____ Dataset records
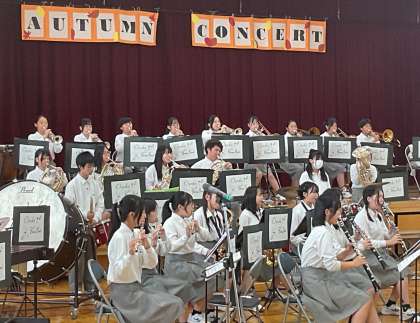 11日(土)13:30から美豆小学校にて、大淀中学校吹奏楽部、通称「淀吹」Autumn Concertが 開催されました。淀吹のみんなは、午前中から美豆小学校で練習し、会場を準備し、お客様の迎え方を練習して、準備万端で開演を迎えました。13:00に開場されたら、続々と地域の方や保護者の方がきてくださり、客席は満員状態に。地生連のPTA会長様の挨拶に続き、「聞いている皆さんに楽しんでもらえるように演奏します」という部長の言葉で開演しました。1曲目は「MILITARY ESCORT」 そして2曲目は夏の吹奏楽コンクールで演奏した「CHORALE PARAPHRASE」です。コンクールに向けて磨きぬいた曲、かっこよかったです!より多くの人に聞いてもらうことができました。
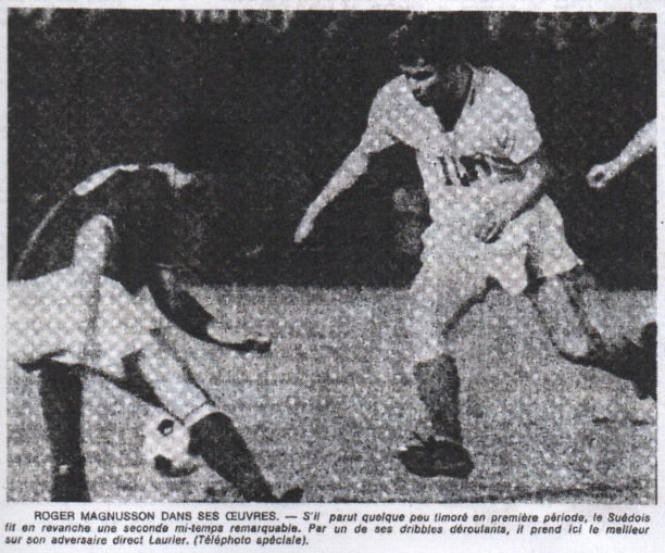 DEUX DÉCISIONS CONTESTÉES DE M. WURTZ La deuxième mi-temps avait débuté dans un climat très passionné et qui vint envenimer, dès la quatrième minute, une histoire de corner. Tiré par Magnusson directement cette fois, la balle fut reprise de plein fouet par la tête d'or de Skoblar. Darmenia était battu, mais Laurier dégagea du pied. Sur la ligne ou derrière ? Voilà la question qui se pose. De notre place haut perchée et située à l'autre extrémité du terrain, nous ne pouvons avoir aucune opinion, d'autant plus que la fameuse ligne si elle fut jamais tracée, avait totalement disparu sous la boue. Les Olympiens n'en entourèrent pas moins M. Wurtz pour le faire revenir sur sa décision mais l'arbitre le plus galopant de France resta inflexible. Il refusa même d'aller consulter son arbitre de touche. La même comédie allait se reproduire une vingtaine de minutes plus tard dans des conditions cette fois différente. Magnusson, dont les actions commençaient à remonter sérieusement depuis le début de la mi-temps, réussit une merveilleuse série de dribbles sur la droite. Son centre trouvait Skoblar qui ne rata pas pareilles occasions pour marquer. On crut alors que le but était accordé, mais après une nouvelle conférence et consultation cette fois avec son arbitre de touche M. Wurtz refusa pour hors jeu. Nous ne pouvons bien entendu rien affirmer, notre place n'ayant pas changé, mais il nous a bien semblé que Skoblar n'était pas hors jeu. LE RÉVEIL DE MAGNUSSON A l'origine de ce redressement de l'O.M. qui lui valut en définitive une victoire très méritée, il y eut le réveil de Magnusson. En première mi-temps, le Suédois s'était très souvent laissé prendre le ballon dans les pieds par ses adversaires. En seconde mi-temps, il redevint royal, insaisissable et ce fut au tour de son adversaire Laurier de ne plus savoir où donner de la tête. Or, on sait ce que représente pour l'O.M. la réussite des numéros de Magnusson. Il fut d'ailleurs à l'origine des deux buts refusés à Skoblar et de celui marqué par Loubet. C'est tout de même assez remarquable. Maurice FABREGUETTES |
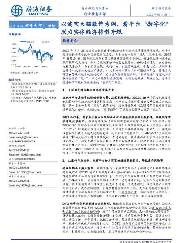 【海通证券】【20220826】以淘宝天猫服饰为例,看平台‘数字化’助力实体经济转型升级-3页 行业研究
________
____ Dataset records
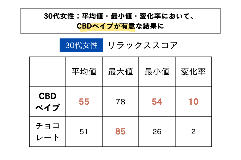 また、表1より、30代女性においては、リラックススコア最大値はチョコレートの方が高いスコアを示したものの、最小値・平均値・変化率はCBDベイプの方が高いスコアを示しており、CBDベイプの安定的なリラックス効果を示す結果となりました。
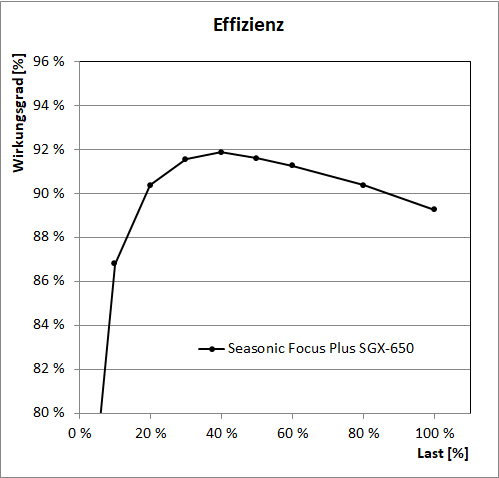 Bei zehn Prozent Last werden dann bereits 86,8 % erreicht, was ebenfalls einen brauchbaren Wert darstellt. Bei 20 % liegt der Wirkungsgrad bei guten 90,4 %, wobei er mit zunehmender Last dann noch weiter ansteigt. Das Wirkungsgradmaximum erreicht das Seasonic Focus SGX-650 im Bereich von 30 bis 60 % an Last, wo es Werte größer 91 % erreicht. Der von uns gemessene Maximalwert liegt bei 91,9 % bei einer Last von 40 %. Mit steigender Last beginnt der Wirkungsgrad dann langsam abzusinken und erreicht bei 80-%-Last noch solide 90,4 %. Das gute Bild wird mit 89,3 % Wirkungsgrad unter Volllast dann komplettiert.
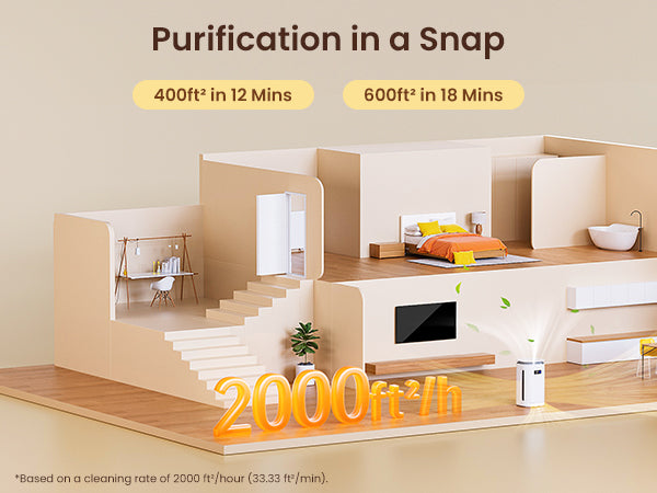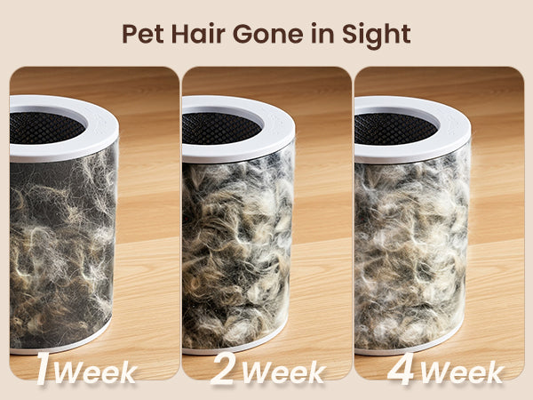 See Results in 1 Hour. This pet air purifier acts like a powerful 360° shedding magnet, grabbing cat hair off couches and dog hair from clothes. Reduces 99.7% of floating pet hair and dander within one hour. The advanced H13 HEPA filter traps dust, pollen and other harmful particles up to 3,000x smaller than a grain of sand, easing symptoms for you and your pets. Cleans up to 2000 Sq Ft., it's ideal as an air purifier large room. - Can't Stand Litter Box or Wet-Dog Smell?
________
What this task involves » Take the material above and output only the lines from the one that contains "また、表1より、30代女性に" through the one that contains "See Results in", ends included and images left out.

Exercise answer »
 また、表1より、30代女性においては、リラックススコア最大値はチョコレートの方が高いスコアを示したものの、最小値・平均値・変化率はCBDベイプの方が高いスコアを示しており、CBDベイプの安定的なリラックス効果を示す結果となりました。
 Bei zehn Prozent Last werden dann bereits 86,8 % erreicht, was ebenfalls einen brauchbaren Wert darstellt. Bei 20 % liegt der Wirkungsgrad bei guten 90,4 %, wobei er mit zunehmender Last dann noch weiter ansteigt. Das Wirkungsgradmaximum erreicht das Seasonic Focus SGX-650 im Bereich von 30 bis 60 % an Last, wo es Werte größer 91 % erreicht. Der von uns gemessene Maximalwert liegt bei 91,9 % bei einer Last von 40 %. Mit steigender Last beginnt der Wirkungsgrad dann langsam abzusinken und erreicht bei 80-%-Last noch solide 90,4 %. Das gute Bild wird mit 89,3 % Wirkungsgrad unter Volllast dann komplettiert.
 See Results in 1 Hour. This pet air purifier acts like a powerful 360° shedding magnet, grabbing cat hair off couches and dog hair from clothes. Reduces 99.7% of floating pet hair and dander within one hour. The advanced H13 HEPA filter traps dust, pollen and other harmful particles up to 3,000x smaller than a grain of sand, easing symptoms for you and your pets. Cleans up to 2000 Sq Ft., it's ideal as an air purifier large room. - Can't Stand Litter Box or Wet-Dog Smell?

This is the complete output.